The outer and hinder border of the nostril is made by another bone named the maxillary bone, which is usually much shorter than the premaxillary. It contains the hindermost teeth, which rarely differ from those in front, except in sometimes being smaller.
The nasal bones, which always make the upper and hinder border of the nostrils, meet each other above them, in the middle line of the beak.
Showing that the extremity of the jaws in Rhamphorhynchus was sheathed in horn as in the giant Kingfisher, since the jaws similarly gape in front.
The hyoid bones are below the lower jaw in the Pterodactyle.
The nostrils are unusually large in the Lias genus named Dimorphodon, and small in species of the genus Rhamphorhynchus from Solenhofen. Such differences result from the relative dimensions and proportions of these three bones which margin the nasal vacuity, and by varying growth of their front margins or of their hinder margins govern the form of the snout.

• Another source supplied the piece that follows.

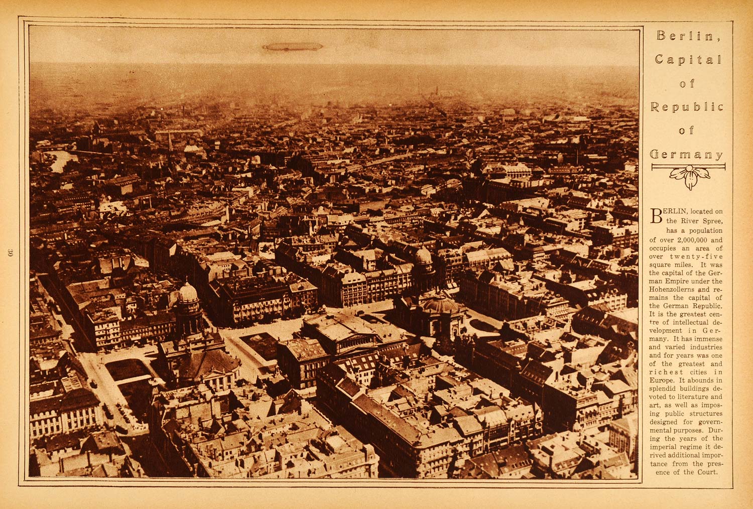 This is an original 1922 sepia rotogravure of an aerial view of Berlin, Germany (Deutschland). Shown in the background is an airship floating above the city.

The jaws are most massive in the genera known from the Wealden beds to the Chalk. The palatal surface is commonly flat or convex, and often marked by an elevated median ridge which corresponds to a groove in the lower jaw, though the median ridge sometimes divides the palate into two parallel concave channels. The jaw is margined with teeth which are rarely fewer than ten or more than twenty on each side. They are sharp, compressed from side to side, curved inward, and never have a saw-like edge on the back and front margins. No teeth occur upon the bones of the palate.
In most birds there is a large vacuity in the side of the head between the nostril and the orbit of the eye, partly separated from it by the bone which carries the duct for tears named the lachrymal bone. The same preorbital vacuity is present in all long-tailed Pterodactyles, though it is either less completely defined or absent in the group with short tails. It affords excellent distinctive characters for defining the genera. In the long-tailed genus Scaphognathus from Solenhofen this preorbital opening is much larger than the nostril, while in Dimorphodon these vacuities are of about equal size. Rhamphorhynchus is distinguished by the small size of the antorbital vacuity, which is placed lower than the nostril on the side of the face. The aperture is always imperfectly defined in Pterodactylus, and is a relatively small vacuity compared with the long nostril. In Ptenodracon the antorbital vacuity appears to have no existence separate from the nostril which adjoins the eye hole. And so far as is known at present there is no lateral opening in advance of the eye in the skull in any Ornithosaur from Cretaceous rocks, though the toothless Ornithostoma is the only genus with the skull complete. When a separate antorbital vacuity exists, it is bordered by the maxillary bone in front, and by the malar bone behind. The prefrontal bone is at its upper angle. That bone is known in a separate state in reptiles and, I think, in monotreme mammals. Its identity is soon lost in the mammal, and its function in the skull is different from the corresponding bone in Pterodactyles.